Variations culturelles mondiales

Au-delà du monde occidental, chaque grande aire culturelle a développé ses propres systèmes de superstitions nuptiales. Les quelques exemples qui suivent montrent la diversité des solutions imaginées pour le même problème symbolique : protéger le couple et solliciter la fécondité.

Inde : le henné et le safran

En Inde, la cérémonie du mehendi, qui précède le mariage, consiste à dessiner des motifs de henné rouge sur les mains et les pieds de la mariée. La couleur obtenue est un présage : plus elle est foncée, plus l’amour de la belle-mère sera intense. Des grains de riz jaunis au safran sont également lancés sur les époux. On retrouve dans le dossier du symbole de l’alliance un autre chapitre de ce patrimoine nuptial millénaire.

Chine : le rouge protecteur

En Chine, le rouge est la couleur nuptiale par excellence. La robe de la mariée, les enveloppes de cadeaux (hongbao), la voiture, les décorations florales : tout doit être rouge pour attirer la chance et éloigner les esprits maléfiques. Le jour du mariage est choisi selon l’almanach astrologique (huang li). Un miroir rouge accroché au-dessus du lit nuptial repousse les démons.

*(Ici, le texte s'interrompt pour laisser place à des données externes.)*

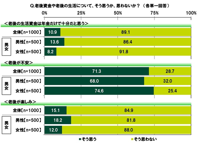 「老後が不安」男性では68.0%、女性では74.6%

Afrique subsaharienne et Nord de l’Europe

Chez plusieurs peuples d’Afrique subsaharienne, les danses de groupe autour des mariés ont une fonction explicitement apotropaïque : éloigner les mauvais esprits attirés par la beauté de la mariée. Dans le Nord de l’Europe (Scandinavie, Écosse, Baltes), on traçait autrefois une croix de sel sur le seuil de la maison pour empêcher les influences néfastes d’entrer avec les époux. Ces pratiques convergent vers une même intuition anthropologique : le moment le plus heureux est aussi le plus menacé, et il réclame une vigilance collective.

Derrière l’apparente naïveté des superstitions nuptiales se cache une architecture symbolique d’une remarquable cohérence. Du flammeum romain au ruban bleu anglo-saxon, du jet de riz antique aux confettis modernes, chaque geste transmet une mémoire collective des peurs et des espoirs attachés au mariage. Les adopter ou non relève aujourd’hui du choix éditorial de chaque couple, mais les connaître, c’est entrer dans l’épaisseur du patrimoine nuptial que ce magazine s’efforce de documenter. Dans cette optique, une bonne organisation pratique du mariage peut également contribuer à apaiser les inquiétudes des futurs époux.